Data_Sheet_1_A Critical Blimp-1-Dependent IL-10 Regulatory Pathway in T Cells Protects From a Lethal Pro-inflammatory Cytokine Storm During Acute Experimental Trypanosoma brucei Infection.PDF

In many infectious diseases, the immune response operates as a double-edged sword. While required for protective immunity, infection-induced inflammation can be detrimental if it is not properly controlled, causing collateral body damage and potentially leading to death. It is in this context that the potent anti-inflammatory cytokine interleukin-10 (IL-10) is required to dampen the pro-inflammatory immune response that hallmarks trypanosomosis. Effective control of this infection requires not just the action of antibodies specific for the parasite's variable surface glycoprotein (VSG) coat antigens, but also a pro-inflammatory immune response mediated mainly by IFNγ, TNF, and NO. However, strict control of inflammation is mandatory, as IL-10-deficient mice succumb from an unrestrained cytokine storm within 10 days of a Trypanosome brucei infection. The relevant cellular source of IL-10 and the associated molecular mechanisms implicated in its trypanosomosis associated production are poorly understood. Using an IL-10 reporter mouse strain (Vert-X), we demonstrate here that NK cells, CD8+ T cells and CD4+ T cells as well as B cells and plasma cells constitute potential cellular sources of IL-10 within the spleen and liver during acute infection. The IL-10 wave follows peak pro-inflammatory cytokine production, which accompanied the control of peak parasitemia. Similar results were observed following conventional experimental needle infection and physiological infections via T. brucei-infected tsetse flies. Our results show that conditional T cell-specific ablation of the IL-10 regulating Prdm1 gene (encoding for the Blimp-1 transcription factor), leads to an uncontrolled trypanosome-induced pro-inflammatory syndrome like the one observed in infected IL-10-deficient mice. This result indicates that the biological role of IL-10-derived from non-T cells, including NK cells, is of minor importance when considering host survival. The cytokine IL-27 that is also considered to be an IL-10 regulator, did not affect IL-10 production during infection. Together, these data suggest that T. brucei activates a Blimp-1-dependent IL-10 regulatory pathway in T cells that acts as a critical anti-inflammatory rheostat, mandatory for host survival during the acute phase of parasitemia.

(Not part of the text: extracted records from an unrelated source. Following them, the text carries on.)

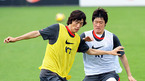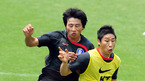 오는 17일 열리는 2010 남아공 월드컵 아시아 최종예선 이란과의 마지막 경기를 앞둔 축구 국가대표팀이 14일 파주 NFC에서 훈련 및 미디어데이 행사를 가졌다. 박지성과 박주영이 압박수비 훈련 중 볼다툼을 벌이고 있다./파주=김영민 기자ajyoung@osen.co.kr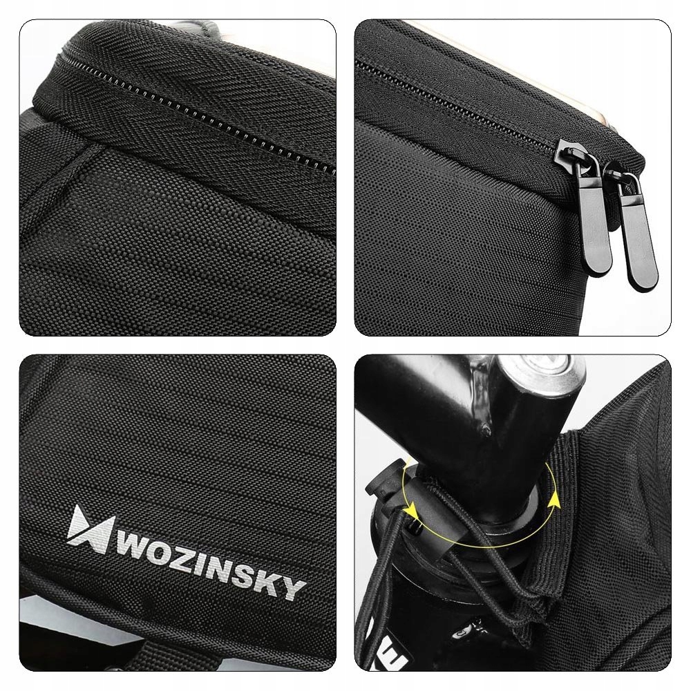 Chyba nawet amatorzy szybkiej jazdy zgodzą się, że mimo wszystko najważniejsze jest bezpieczeństwo. Zarówno Twoje, jak i Twojego sprzętu, na którym przecież znajdują się ważne numery telefonów, smsy od drugiej połówki czy wyjątkowe momenty Twojego życia w formie zdjęć czy filmów. Dlatego też solidne mocowanie torby to bardzo istotna kwestia, która w przypadku sakwy rowerowej Wozinsky nie została potraktowana po macoszemu. Akcesorium montuje się do ramy za pomocą 2 mocnych rzepów, a do tego, dla większej stabilności, przywiązuje się je do kierownicy z użyciem elastycznej gumowej linki.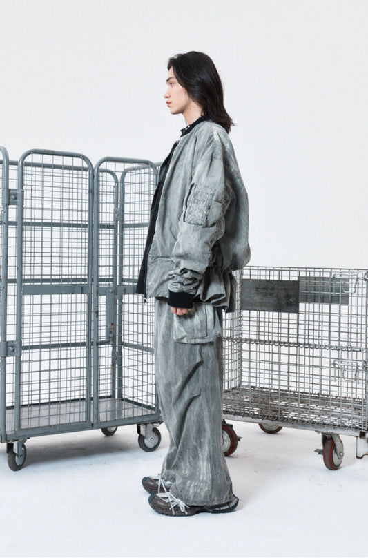 Sold outShirring tie dye denim jumper gray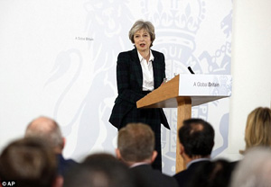 Σύμφωνα με την Τερέζα Μέι το αποτέλεσμα του δημοψηφίσματος για το Brexit δεν οδηγεί στην εσωστρέφεια, «δεδομένου ότι τόσο η ιστορία όσο και ο πολιτισμός της Βρετανίας είναι βαθιά διεθνιστική».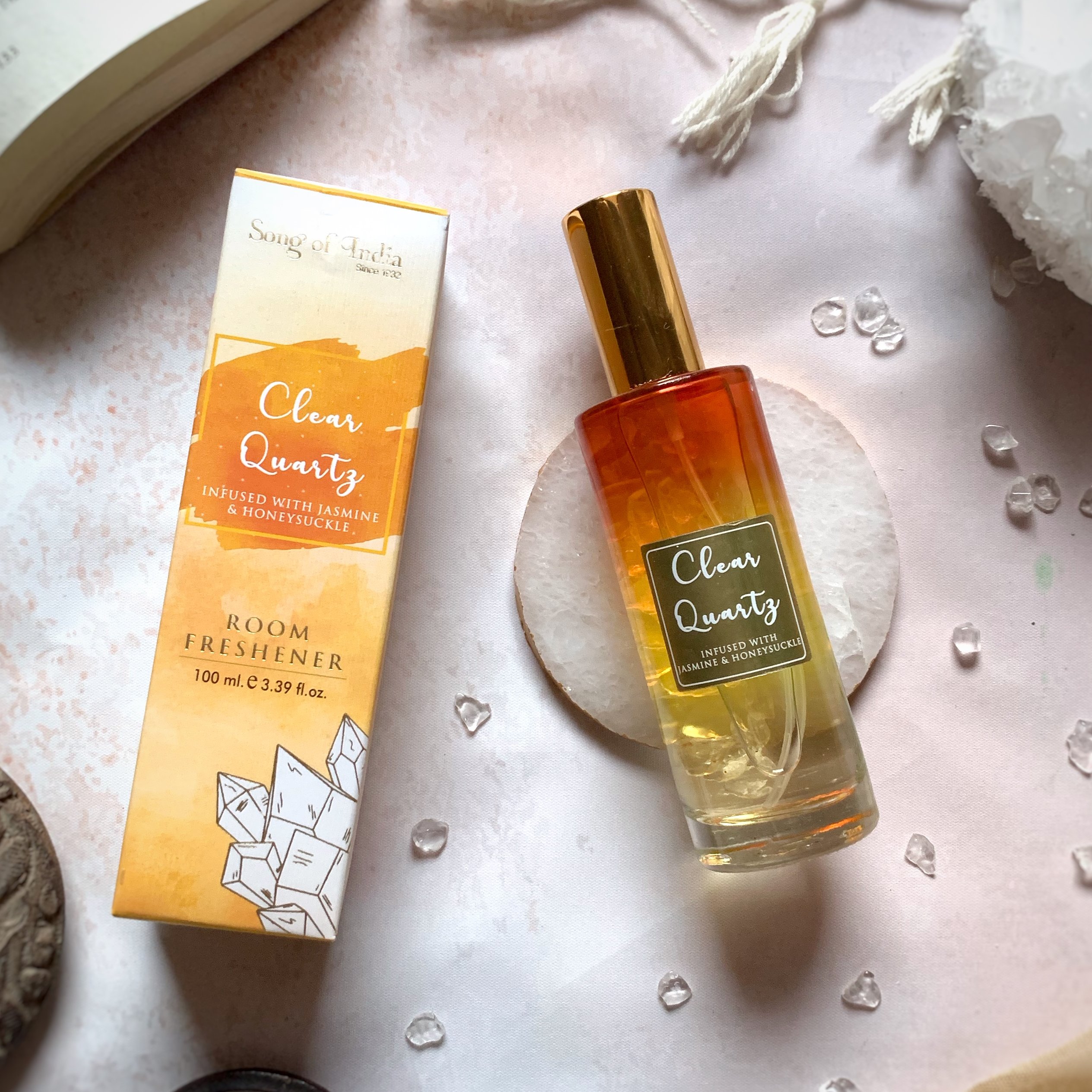 Healing Stone Room Freshener with Clear Quartz in Round Glass Bottle with Gold Pump (100ml)

在诸多传染性疾病中，免疫应答犹如一把双刃剑。尽管其是保护性免疫的必需组成，但感染诱导的炎症若无法得到适度调控，则会产生有害影响，引发机体附带损伤，甚至可能导致宿主死亡。在此背景下，强效抗炎细胞因子白细胞介素-10（IL-10）的作用便尤为关键，其可抑制锥虫病标志性的促炎免疫应答。对该感染的有效防控，不仅需要针对寄生虫可变表面糖蛋白（VSG）被膜抗原的特异性抗体发挥作用，还需依赖主要由干扰素-γ（IFN-γ）、肿瘤坏死因子（TNF）及一氧化氮（NO）介导的促炎免疫应答。但必须严格管控炎症反应，因为在布氏锥虫（Trypanosome brucei）感染后10天内，IL-10缺陷小鼠就会因失控的细胞因子风暴而死亡。目前，人们对IL-10的相关细胞来源，以及其在锥虫病中表达的相关分子机制仍知之甚少。本研究借助IL-10报告基因小鼠品系（Vert-X）证实，在急性感染阶段，自然杀伤细胞（NK细胞）、CD8阳性T细胞、CD4阳性T细胞以及B细胞和浆细胞，均可作为脾脏与肝脏中IL-10的潜在细胞来源。IL-10的表达峰值出现在促炎细胞因子产生峰值之后，而后者与寄生虫血症峰值的控制过程相伴发生。无论是常规实验针刺感染，还是通过布氏锥虫感染采采蝇实现的生理性感染，均得到了相似的实验结果。本研究结果显示，对IL-10调控基因Prdm1（编码Blimp-1转录因子）进行条件性T细胞特异性敲除，会引发失控的锥虫诱导促炎综合征，这与感染IL-10缺陷小鼠的表型一致。该结果表明，若以宿主存活为考量，包括NK细胞在内的非T细胞来源的IL-10，其生物学作用相对有限。另一被认为可调控IL-10的细胞因子白细胞介素-27（IL-27），在感染过程中并未对IL-10的产生产生影响。综合以上结果，本研究表明布氏锥虫可在T细胞中激活一条依赖Blimp-1的IL-10调控通路，该通路作为关键的抗炎调控变阻器，在寄生虫血症急性阶段对宿主存活至关重要。